Stewart P M, Walker B R, Holder G, O'Halloran D, Shackleton C H
Department of Medicine, Queen Elizabeth Hospital, Birmingham, United Kingdom.
J Clin Endocrinol Metab. 1995 Dec;80(12):3617-20. doi: 10.1210/jcem.80.12.8530609.
A characteristic feature of the ectopic ACTH syndrome is a state of mineralocorticoid excess, although the etiology remains obscure. Some forms of endocrine hypertension, such as licorice ingestion, have been explained by cortisol acting as a mineralocorticoid in the setting of inhibition or deficiency of 11 beta-hydroxysteroid dehydrogenase (11 beta HSD). This enzyme is responsible for the conversion of cortisol (F) to hormonally inactive cortisone, and its activity in vivo can be inferred from the ratio of the urinary excretion of tetrahydrocortisol (THF) and its isomer (5 alpha THF) to tetrahydrocortisone. Twenty-two patients with Cushing's syndrome (11 pituitary dependent, 9 ectopic, and 2 adrenal adenomas) and 13 controls were studied. Compared to controls. Cushing's patients had a significant increase (P < 0.001) in the excretion of all principal metabolites of F, secondary to a 5- to 6-fold increase in the cortisol secretion rate [median, 34.0 (range, 13.3-327) mg/day in Cushing's vs. 6.1 (range, 2.5-10.3) mg/day in controls]. The THF plus 5 alpha THF/tetrahydrocortisone ratio was significantly increased in Cushing's syndrome regardless of etiology [mean, 1.81 (range, 1.09-9.99) in Cushing's vs. 0.81 (range, 0.51-1.47) in controls; P < 0.001), indicative of defective 11 beta HSD activity.

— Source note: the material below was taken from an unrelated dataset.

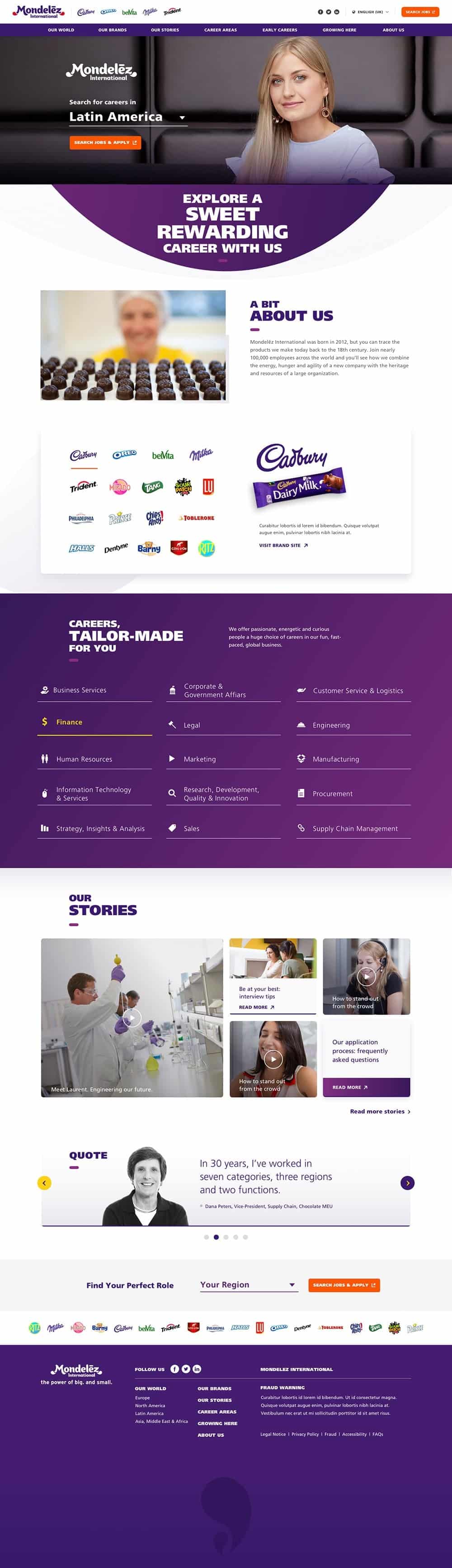Mondelez are a fun-loving company with loads of familiar everyday brands like Cadbury, Milka & Oreo. They had a careers site, it was fine but it didn’t speak to the professional job-seeker Mondelez wanted to attract. After all, snacks is serious business.

Furthermore, compared to patients with pituitary-dependent Cushing's, this ratio was significantly higher in patients with the ectopic ACTH syndrome (4.12 vs. 1.49; P < 0.01) and was inversely correlated with serum potassium levels (r = -0.57; P = 0.01; n = 22). One explanation for the mineralocorticoid excess state of the ectopic ACTH syndrome appears to be that cortisol gains inappropriate access to the mineralocorticoid receptor through failure of its normal metabolism by 11 beta HSD. The reason for the defective 11 beta HSD activity is unclear, but it may be secondary to substrate saturation, inhibition by other adrenal steroids, or product inhibition.

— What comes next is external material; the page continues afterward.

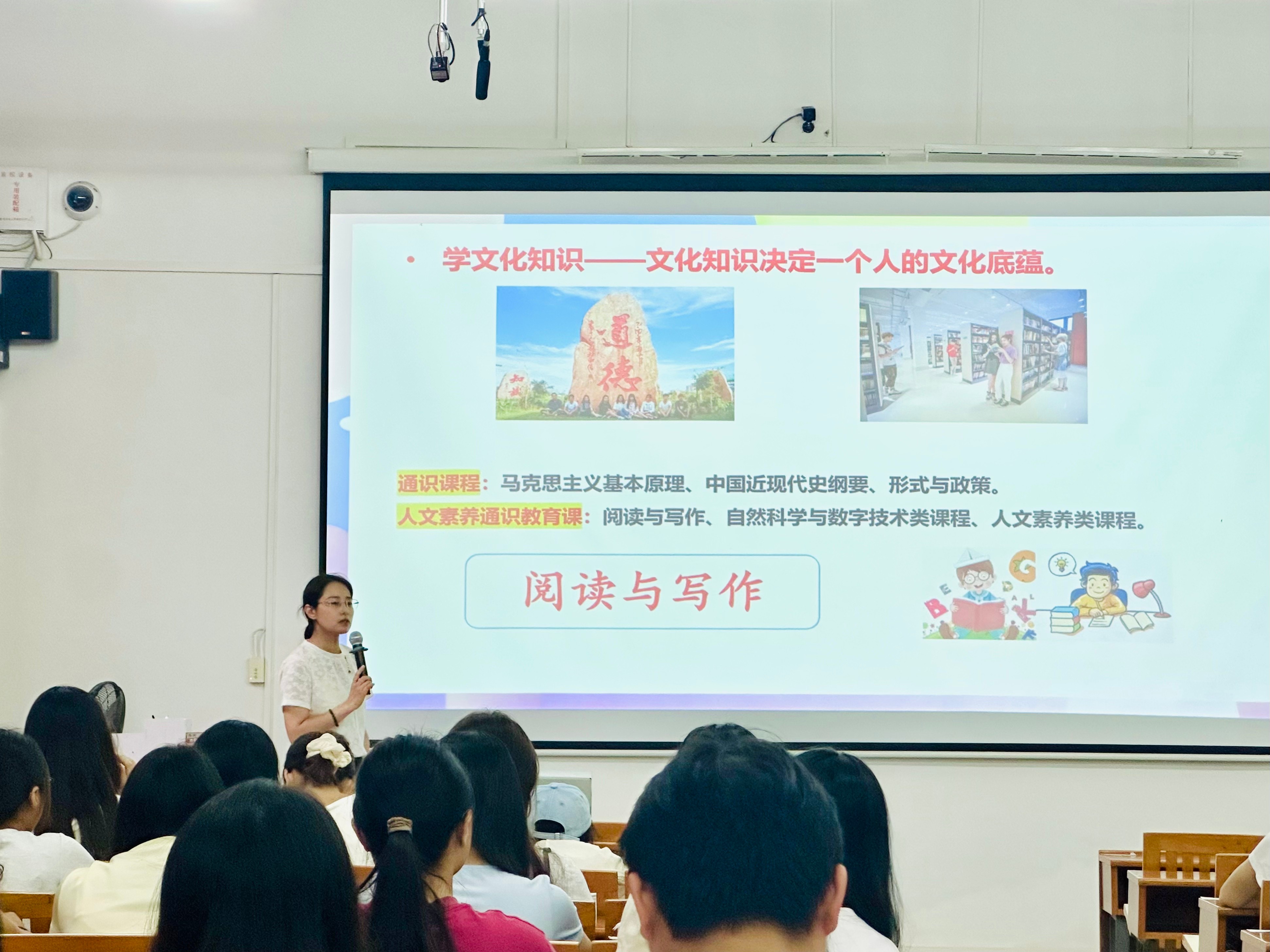 随后,教学副院长蔡森为专升本新生系统讲解学业规划与大学学习要点。蔡森副院长围绕“认识大学学习”展开详细分享首先强调大学学习的首要任务是践行社会主义核心价值观,叮嘱新生要扣好人生“第一粒扣子”;其二,重点解读人才培养方案,介绍了通识课程与人文素养课程的设置逻辑,提及阅读与写作对提升综合表达能力、逻辑思维能力的关键作用,同时明确汉语言文学专业的阅读要;其三,提出专业的学习建议,鼓励新生尝试跨专业学习、主动考取职业证书等,希望新生能借助这些课程实现“文”“艺”兼修,提升综合竞争力。

异位促肾上腺皮质激素(ACTH)综合征的一个特征性表现是盐皮质激素过多状态,尽管其病因仍不清楚。某些形式的内分泌性高血压,如摄入甘草,已被解释为在11β-羟类固醇脱氢酶(11βHSD)抑制或缺乏的情况下,皮质醇发挥了盐皮质激素的作用。该酶负责将皮质醇(F)转化为无激素活性的可的松,其体内活性可通过四氢皮质醇(THF)及其异构体(5αTHF)与四氢可的松的尿排泄率之比来推断。对22例库欣综合征患者(11例垂体依赖性、9例异位性和2例肾上腺腺瘤)和13名对照者进行了研究。与对照者相比,库欣综合征患者F的所有主要代谢产物排泄量显著增加(P<0.001),这是由于皮质醇分泌率增加了5至6倍所致[库欣综合征患者中位数为34.0(范围13.3 - 327)mg/天,对照者为6.1(范围2.5 - 10.3)mg/天]。无论病因如何,库欣综合征患者的THF加5αTHF/四氢可的松比值均显著升高[库欣综合征患者平均值为1.81(范围1.09 - 9.99),对照者为0.81(范围0.51 - 1.47);P<0.001],表明11βHSD活性存在缺陷。此外,与垂体依赖性库欣综合征患者相比,异位ACTH综合征患者的该比值显著更高(4.12对1.49;P<0.01),且与血清钾水平呈负相关(r = -0.57;P = 0.01;n = 22)。异位ACTH综合征盐皮质激素过多状态的一种解释似乎是,皮质醇因1于1βHSD正常代谢失败而不恰当地作用于盐皮质激素受体。11βHSD活性缺陷的原因尚不清楚,但可能是由于底物饱和、其他肾上腺类固醇的抑制或产物抑制所致。